3583. Count Special Triplets

Description

You are given an integer array nums.

A special triplet is defined as a triplet of indices (i, j, k) such that:

0 <= i < j < k < n, where n = nums.length
nums[i] == nums[j] * 2
nums[k] == nums[j] * 2

Return the total number of special triplets in the array.

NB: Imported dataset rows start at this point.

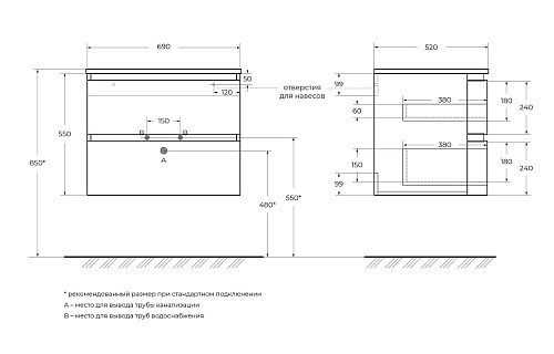 Cezares VAGUE 54847 Тумба под раковину подвесная
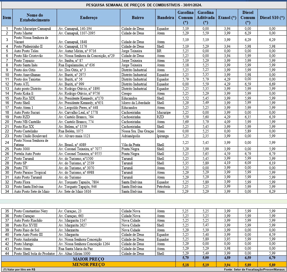 Manaus/AM - Serviço de Atendimento e Proteção ao Consumidor (Procon Manaus), divulgou nesta terça-feira (30), o resultado semanal da pesquisa de preços de combustíveis na cidade, em conformidade com a Lei nº 8.078/90 (Código de Defesa do Consumidor – CDC) em seus Artigos 4º e 6º, incisos II e III, que incentiva a promoção da livre concorrência, além de coibir as práticas de infrações à ordem econômica praticados no mercado como, por exemplo, o cartel de preços.
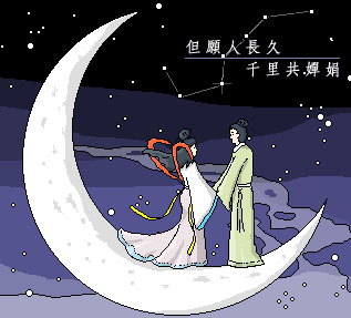 后来,每到农历七月初七,相传牛郎织女鹊桥相会的日子,姑娘们就会来到花前月下,抬头仰望星空,寻找银河两边的牛郎星和织女星,希望能看到他们一年一度的相会,乞求上天能让自己能象织女那样心灵手巧,祈祷自己能有如意称心的美满婚姻,由此形成了七夕节。
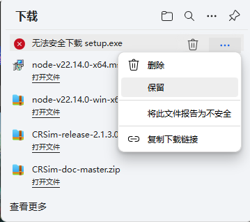 - 如果显示通常不会下载 xxx ,再次操作右上角三个点,点击【保留】。

Since the answer may be large, return it modulo 10⁹ + 7.

Example 1:

Input: nums = [6,3,6]

Output: 1

Explanation:

The only special triplet is (i, j, k) = (0, 1, 2), where:

nums[0] = 6, nums[1] = 3, nums[2] = 6
nums[0] = nums[1] * 2 = 3 * 2 = 6
nums[2] = nums[1] * 2 = 3 * 2 = 6

Example 2:

Input: nums = [0,1,0,0]

Output: 1

Explanation:

The only special triplet is (i, j, k) = (0, 2, 3), where:

nums[0] = 0, nums[2] = 0, nums[3] = 0
nums[0] = nums[2] * 2 = 0 * 2 = 0
nums[3] = nums[2] * 2 = 0 * 2 = 0

Example 3:

Input: nums = [8,4,2,8,4]

Output: 2

Explanation:

There are exactly two special triplets:

(i, j, k) = (0, 1, 3)
- nums[0] = 8, nums[1] = 4, nums[3] = 8
- nums[0] = nums[1] * 2 = 4 * 2 = 8
- nums[3] = nums[1] * 2 = 4 * 2 = 8
(i, j, k) = (1, 2, 4)
- nums[1] = 4, nums[2] = 2, nums[4] = 4
- nums[1] = nums[2] * 2 = 2 * 2 = 4
- nums[4] = nums[2] * 2 = 2 * 2 = 4

Constraints:

3 <= n == nums.length <= 10⁵
0 <= nums[i] <= 10⁵

Solutions

Solution 1: Enumerate Middle Number + Hash Table

We can enumerate the middle number \(\textit{nums}[j]\), and use two hash tables, \(\textit{left}\) and \(\textit{right}\), to record the occurrence counts of numbers to the left and right of \(\textit{nums}[j]\), respectively.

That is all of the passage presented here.